Parlez-moi d’amour


Anny Marquès

Thomas et moi, en classe, on s’empoigne! ‘ Il me dit : “Ne m’énervez pas, attendez, attendez !”

Je lui dis : “J’attends, mais tu m’énerves à crier comme ça ! Je te vois ! Ne hurle pas !”

Il recommence: “”Mais répondez-moi !”

Moi : “Je te réponds, Thomas, si tu ne gueules pas !”

En attendant, Thomas parle. Il me raconte son chien, ses quatre chiens, leur nom.…. “small dogs”, dit-il. Et moi “Puppies ? Babies?” “No, no’” Il est véhément et bafouille, en colère : “Yorkshire”. Je comprends. “You see, you see” me réplique-t-il. Et ça recommence sur un autre thème.

Thomas veut me parler, et en anglais. Il affirme constamment son existence dans le groupe. Il est survolté mais compétent. Si j’interprète mal ses paroles, il s’entête, me résiste, m’interpelle, cherche, conscient de ses fautes qu’il corrige et mesure alors la justesse de ses affirmations, sa victoire, quand j’ai compris. Je vois l’exaltation sur son visage.

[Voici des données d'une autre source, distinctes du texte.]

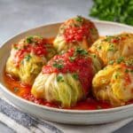 Tender stuffed cabbage rolls are a comforting, hearty dish perfect for any occasion. Packed with a savory blend of ground beef, pork, rice, and spices, then baked in a flavorful tomato sauce, these rolls are sure to satisfy your cravings. This recipe guides you through making them from scratch with ease.

Dans cette relation duelle où je sers de répondant – de répondeur ?-(“répondez-moi”, dit-il) Thomas mène un jeu de frustration-plaisir aux prises avec cette langue qu’il veut manifestement s’approprier. Contre moi ou avec moi ? Thomas projette sur moi un faisceau de repères qu’il me demande de renvoyer. Il exige, accepte pourtant mes réprimandes, triomphe quand il peut me dire “You don’t understand !”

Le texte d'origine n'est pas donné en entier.